32. ATTORNEY'S FEES. If either party or the broker named herein brings an
action to enforce the terms hereof or declare rights hereunder, the prevailing
party in any such action, on trial or appeal, shall be entitled to his
reasonable attorney's fees to be paid by the losing party as fixed by the court.
The provisions of this paragraph shall inure to the benefit of the broker named
herein who seeks to enforce a right hereunder.
33. LESSOR'S ACCESS. Lessor and Lessors agents shall have the right to enter
the Premises at reasonable time for the purposes of inspecting the same, showing
the same to prospective purchasers, lenders, or lessees, and making such
alterations, repairs, improvements or additions to the Premises or to the
building of which they are a part as Lessor may deem necessary or desirable.
Lessor may at any time place on or about the Premises any ordinary "For Sale"
signs and Lessor may at any time during the last 120 days of the term hereof
place on or about the Premises any ordinary "For Lease" signs, all without
rebate of rent or liability to Lessee.
34. AUCTIONS. Lessee shall not conduct, nor permit to be conducted, either
voluntarily or involuntarily, any auction upon the Premises without first having
obtained Lessor's prior written consent. Notwithstanding anything to the
contrary in this Lease, Lessor shall not be obligated to exercise any standard
of reasonableness in determining whether to grant such consent.
35. SIGNS. Lessee shall not place any sign upon the Premises without Lessor's
prior written consent except that Lessee shall have the right, without the prior
permission of Lessor to place ordinary and useful for rent or sublet signs
thereon.
36. MERGER. The voluntary or other surrender of this Lease by Lessee, or a
mutual cancellation thereof, or a termination by Lessor, shall not work a
merger, and shall, at the option of Lessor, terminate all or any existing
subtenancies or may, at the option of Lessor, operate as an assignment to Lessor
of any or all of such subtenancies.
37. CONSENTS. Except for Paragraph 34 hereof, wherever in the Lease the consent
of one party is required to an act of the other party, such consent shall not be
unreasonably withheld.
38. GUARANTOR. In the event that there is a guarantor of this Lease, said
guarantor shall have the same obligations as Lessee under this Lease.
39. QUIET POSSESSION. Upon Lessee paying the rent for the Premises and
observing and performing all of the covenants, conditions and provisions on
Lessee's part to be observed and performed hereunder, Lessee shall have quiet
possession of the Premises for the entire term hereof subject to all of the
provisions of this Lease.
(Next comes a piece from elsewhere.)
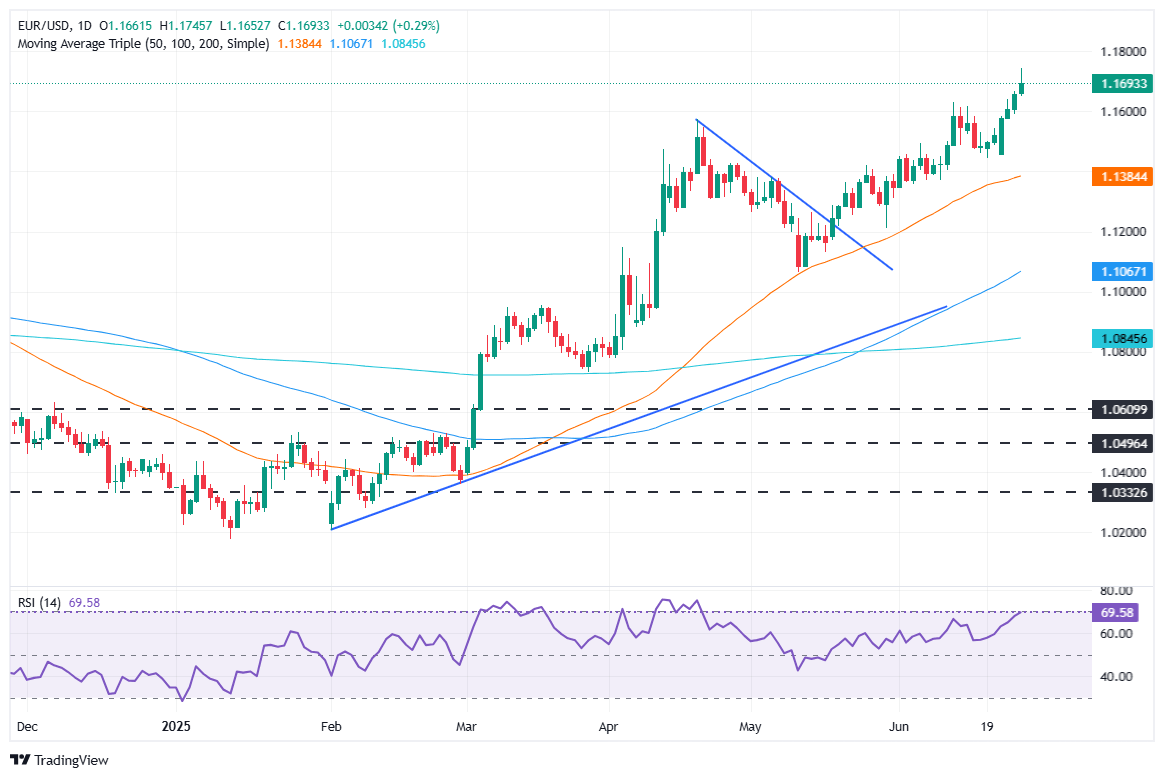 EUR/USD soars to nearly four-year highs on Thursday, extending its rally to five straight days, with the pair clearing the 1.1700 figure for the first time since September 2021. Expectations that the Federal Reserve (Fed) would lower rates sooner than expected pushed the major to yearly highs of 1.1744, before retreating to 1.1697, up 0.33%.

The individuals executing this Lease on behalf of
Lessor represents and warrant to Lessee that they are fully authorized and
legally capable of executing this Lease on behalf of Lessor and that such
execution is binding upon all parties holding an ownership interest in the
Premises.
40. OPTIONS.
40.1 DEFINITION. As used in this paragraph the word "Options" has the
following meaning: (1) the right or option to extend the term of this Lease or
to renew this Lease or to extend or renew any lease that Lessee has on other
property of Lessor; (2) the option or right of first refusal to lease the
Premises or the right of first offer to lease the Premises or the right of first
refusal to lease other property of Lessor or the right of first offer to lease
other property of Lessor; (3) the right or option to purchase the Premises, or
the right of first refusal to purchase the Premises, or the right of first offer
to purchase the Premises or the right to or option to purchase other property of
Lessor, or the right of first refusal to purchase other property of Lessor or
the right of first offer to purchase other property of Lessor.
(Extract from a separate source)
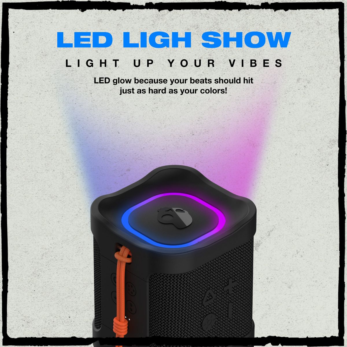 Experience incredible sound and bold features with the Skullcandy Terrain Mini 2 Wireless Bluetooth Speaker. This compact and portable speaker is designed to keep up with your active lifestyle, delivering powerful audio and seamless connectivity wherever you go. The IPX7 water-resistant design makes it perfect for beach days, poolside hangouts, or outdoor adventures, ensuring your music keeps playing no matter the conditions. The Terrain Mini 2 features Bluetooth 5.3 for a reliable connection, while its multi-link technology allows you to link up to 99 speakers for an immersive sound experience that fills any space. Enjoy a stunning visual element with LED lights that sync to your music, creating a captivating light show to enhance every song. Boasting a 14-hour battery life, the Terrain Mini 2 keeps your playlist going all day long, whether you're hiking, relaxing, or celebrating with friends. Its lightweight design makes it easy to carry, while the rich, powerful bass ensures your favorite tracks sound better than ever. Ready to elevate your music experience? Order the Skullcandy Terrain Mini 2 Wireless Bluetooth Speaker today and take your sound wherever you go!

40.2 OPTIONS PERSONAL. Each Option granted to Lessee in this Lease are
personal to Lessee and may not be exercised or be assigned, voluntarily or
involuntarily, by or to any person or entity other than Lessee, provided,
however, the Option may be exercised by or assigned to any Lessee Affiliate as
defined in Paragraph 12.2 of this lease. The Options herein granted to Lessee
are not assignable separate and apart from this Lease.
40.3 MULTIPLE OPTIONS. In the event that Lessee has any multiple options to
extend or renew this Lease a later option cannot be exercised unless the prior
option to extend or renew this Lease has been so exercised.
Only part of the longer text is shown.